I awoke around two o'clock in the morning to hear a noise in the sitting-room and to see the handle of the door being turned and twisted. It was fortunately locked. I knew it could not be one of the managers and I could not hear or see the watchman, so I guessed it was some hill [149] man or thief trying to get into the safe in the sitting-room. Many hundreds of rupees were deposited in that safe each night. It was the time of the year in which members of the hill tribes were allowed down into the cantonment. All guards were doubled and every care taken to keep them under surveillance, for those were stormy days on the frontier. I knew that if they succeeded in getting into my room it would be the end of me because it was a great virtue to kill a white woman. It would mean a knife in my heart. For forty-five minutes I sat on my bed watching them trying to break down those very strong doors. They did not dare go to the verandah door for fear of being seen and to get to me via my bathroom or the other bedroom meant breaking down two doors in each case and the risk of noise was too great.
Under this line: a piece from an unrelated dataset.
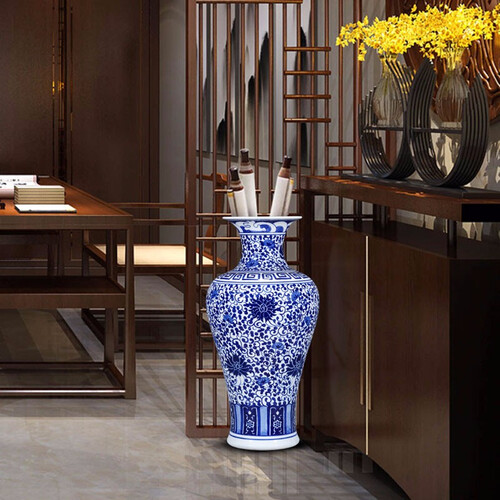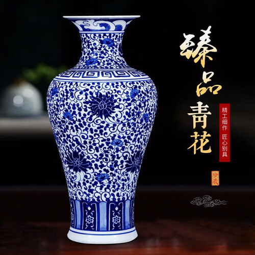 经过多道古法制瓷,瓷制细腻,手感顺滑,让花瓶质感更顺滑。景德镇青花老料配方,色泽纯正,颜色亮丽,插花更有艺术感。

I discovered then that there comes a point in fear when you are so desperate that you will take any chance. I walked across my room and opened the door only to find the two managers on the other side, wondering whether I was alive or dead and consulting with each other whether they should knock on the door and awaken me. They had been sleeping in the garden in tents and bad caught the two hill men but most stupidly had not had the sense to hammer loudly on my door and call out, in which case I would not have been frightened. For the time being, after that, my bearer, old Bugaloo, slept outside on the verandah and I could easily call him.

Two or three months after that I went back to the old country and spent some weeks stopping in an old Scotch house where I had stopped year after year as a child. There was a large house-party, about eighteen people, stopping in the house at the time and by mistake (as his room was next to mine) the very nicest man in the house walked into my room one night. He had been reading late, down stairs, and the wind had blown out his candle as he came up and [150] at the same time had blown open my door. He hoped to find his door easily by passing his hand along the wall as his door was next to mine. Finding an open door he naturally thought it was his dressing room. In the meantime, the wind had awakened me and I jumped out of bed to shut the window and bumped into him. This, coming on top of my experience a few months earlier, did not help and laid the foundation for a state of fear which I have never succeeded in overcoming.

I have had two other very bad frights in my life when alone in a house and cannot claim to have any courage, except that I have not permitted it to condition my actions and I stay alone when I have to. I'm terrified of things happening to the girls and as my imagination always works overtime I know that I have spent a great deal of my life worrying over things that never happened.

Fear is a basic characteristic of humanity. Everybody is afraid and everybody has his pet fear. If people tell me that they are never afraid, I know that they are liars. They have some fear somewhere of some thing. Fear is nothing to be ashamed of and very frequently the more highly developed you are and the more sensitive you are, the more fears to which you may react. Apart from one's pet phobias and fears, sensitive people are prone to tune in on the fears of other people, on their depressions and on their terrors. They are, therefore, assimilating fears which do not belong to them but which they are unable to distinguish from their own innate fears. This is very terribly true today. Fear and horror rule the world and it is easy for people to be overcome with fear. War breeds fear and Germany, with her terror tactics traded on that and did everything possible to enhance world terror. It will take us a long time to eradicate fear, but we are making one step towards it when we talk or work for security. [151]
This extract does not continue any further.